# 19 yr old aqha mare



## NRW (Feb 26, 2013)




----------



## NRW (Feb 26, 2013)




----------



## NRW (Feb 26, 2013)

None of the pictures are great but they're all I have right now, none of the ground to tie her by is very level and usually I am out there alone. 

Let me know what you think, doesn't have to be an in depth critique if the pics aren't good enough.


----------



## NRW (Feb 26, 2013)




----------



## DraftyAiresMum (Jun 1, 2011)

I don't necessarily see a swayed back. I see more lack of topline from being out of work.

She also strikes me as a wee bit on the chunky side.

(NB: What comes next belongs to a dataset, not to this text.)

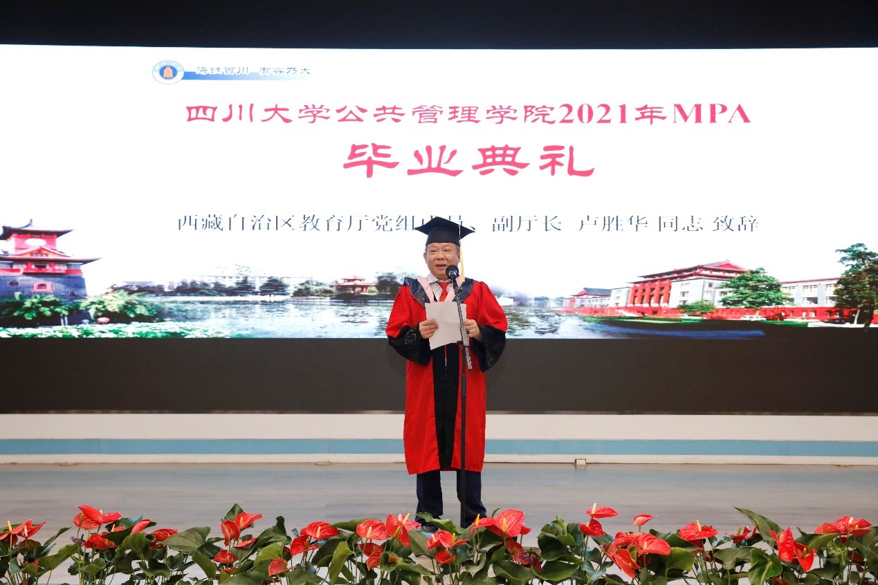 2021年7月10上午9点30分,好博体育2021年公共管理硕士(MPA)毕业典礼在好博东区三教演播厅隆重举行。出席典礼的领导及嘉宾有:好博党委副书记郭勇教授,四川省纪委常委、省人大常委刘光辉同志,西藏自治区教育厅党组成员、副厅长卢胜华同志,全国MPA教指委委员、好博公共管理公司党委书记姜晓萍教授、公共管理公司党委副书记杨磊老师、好博体育副经理罗亚玲副教授、好博体育MPA导师及任课教师、各班班主任以及行政老师、2020年和2021年MPA毕业生以及部分毕业生家属。典礼由好博体育副经理夏志强教授主持。

Overall, she looks like a nice horse, though, with no real majorly "ZOMG! Run away!" faults.
_Posted via Mobile Device_


----------



## franknbeans (Jun 7, 2007)

She is 19. She is a nice looking mare. At 19,and out of shape, it is totally unfair to critique her. That would be like someone critiquing my almost 60 yr old body. It is not 20, and hers is not 5. That is not news.


----------



## OliviaMyee (Jul 31, 2012)

. Her back looks good for an older horse
. Her neck is set low, long and heavy but shes a QH and they like their heads low anyways
. Her front pasterns are long and are to sloped
. Her head is to big but being on the forehand is how QH are bred to go, you might expect her to lean to much on your hand though
. Her back legs dont look like their a terrible angle 
. Her hind end looks good for a Quarter horse (can never expect it to be nearly like a nice rounded circle)
. Her front legs and back legs are a bit to fine but thats how they breed the typical QH these days so people dont really pin point that out
. Her front legs are camped under
. Her neck just from the picture looks tight and so does her hind end
. her hind end looks to muscled above the hock maybe hypp ? I dont know the signs but it just looks odd
. The shoulder is a good angle
. Short Back

I personally dont think shes broody worthy her front legs are to thin and the front pasterns are very sloped, her neck is big and her head is big it doesnt look in proportion.


----------



## OliviaMyee (Jul 31, 2012)

She would suit casual easy trail riding, not high speed, not tight turning not lots of fast work. shes 19 years old and the more work shes had at a younger age the easier you will need to be with her.


----------



## NRW (Feb 26, 2013)

She is a little hefty and has a belly to her, she's on 70 acres with 2 other mares and 30 cows right now. So she gets a lot of grass and hay. Plus a molasses lick for the cows. 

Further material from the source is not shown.